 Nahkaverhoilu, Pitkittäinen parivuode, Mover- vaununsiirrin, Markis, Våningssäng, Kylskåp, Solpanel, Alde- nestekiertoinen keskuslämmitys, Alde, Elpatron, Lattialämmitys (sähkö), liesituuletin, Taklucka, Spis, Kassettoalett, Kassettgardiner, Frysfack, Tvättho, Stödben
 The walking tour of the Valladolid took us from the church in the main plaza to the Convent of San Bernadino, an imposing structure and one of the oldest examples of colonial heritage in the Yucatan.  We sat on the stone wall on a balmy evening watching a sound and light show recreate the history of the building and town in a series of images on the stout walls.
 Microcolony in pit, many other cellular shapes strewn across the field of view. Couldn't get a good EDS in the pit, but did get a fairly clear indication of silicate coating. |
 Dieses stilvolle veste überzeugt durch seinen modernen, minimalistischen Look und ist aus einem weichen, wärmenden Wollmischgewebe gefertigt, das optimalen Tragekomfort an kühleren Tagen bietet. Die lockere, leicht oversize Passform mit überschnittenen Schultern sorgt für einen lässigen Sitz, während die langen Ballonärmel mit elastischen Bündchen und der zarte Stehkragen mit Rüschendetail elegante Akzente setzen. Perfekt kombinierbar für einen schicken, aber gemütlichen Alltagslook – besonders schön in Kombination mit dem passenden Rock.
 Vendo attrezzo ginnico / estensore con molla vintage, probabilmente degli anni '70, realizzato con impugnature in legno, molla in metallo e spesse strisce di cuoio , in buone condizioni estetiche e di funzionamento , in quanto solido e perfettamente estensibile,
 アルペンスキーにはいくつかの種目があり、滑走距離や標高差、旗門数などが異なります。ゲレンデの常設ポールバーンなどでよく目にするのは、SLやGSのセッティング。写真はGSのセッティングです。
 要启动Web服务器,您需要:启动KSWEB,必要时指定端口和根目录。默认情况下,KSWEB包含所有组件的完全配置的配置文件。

——————

[TASK DETAILS]: Retype all of the material, exactly as written.

[YOUR SOLUTION]:
 Nahkaverhoilu, Pitkittäinen parivuode, Mover- vaununsiirrin, Markis, Våningssäng, Kylskåp, Solpanel, Alde- nestekiertoinen keskuslämmitys, Alde, Elpatron, Lattialämmitys (sähkö), liesituuletin, Taklucka, Spis, Kassettoalett, Kassettgardiner, Frysfack, Tvättho, Stödben
 The walking tour of the Valladolid took us from the church in the main plaza to the Convent of San Bernadino, an imposing structure and one of the oldest examples of colonial heritage in the Yucatan.  We sat on the stone wall on a balmy evening watching a sound and light show recreate the history of the building and town in a series of images on the stout walls.
 Microcolony in pit, many other cellular shapes strewn across the field of view. Couldn't get a good EDS in the pit, but did get a fairly clear indication of silicate coating. |
 Dieses stilvolle veste überzeugt durch seinen modernen, minimalistischen Look und ist aus einem weichen, wärmenden Wollmischgewebe gefertigt, das optimalen Tragekomfort an kühleren Tagen bietet. Die lockere, leicht oversize Passform mit überschnittenen Schultern sorgt für einen lässigen Sitz, während die langen Ballonärmel mit elastischen Bündchen und der zarte Stehkragen mit Rüschendetail elegante Akzente setzen. Perfekt kombinierbar für einen schicken, aber gemütlichen Alltagslook – besonders schön in Kombination mit dem passenden Rock.
 Vendo attrezzo ginnico / estensore con molla vintage, probabilmente degli anni '70, realizzato con impugnature in legno, molla in metallo e spesse strisce di cuoio , in buone condizioni estetiche e di funzionamento , in quanto solido e perfettamente estensibile,
 アルペンスキーにはいくつかの種目があり、滑走距離や標高差、旗門数などが異なります。ゲレンデの常設ポールバーンなどでよく目にするのは、SLやGSのセッティング。写真はGSのセッティングです。
 要启动Web服务器,您需要:启动KSWEB,必要时指定端口和根目录。默认情况下,KSWEB包含所有组件的完全配置的配置文件。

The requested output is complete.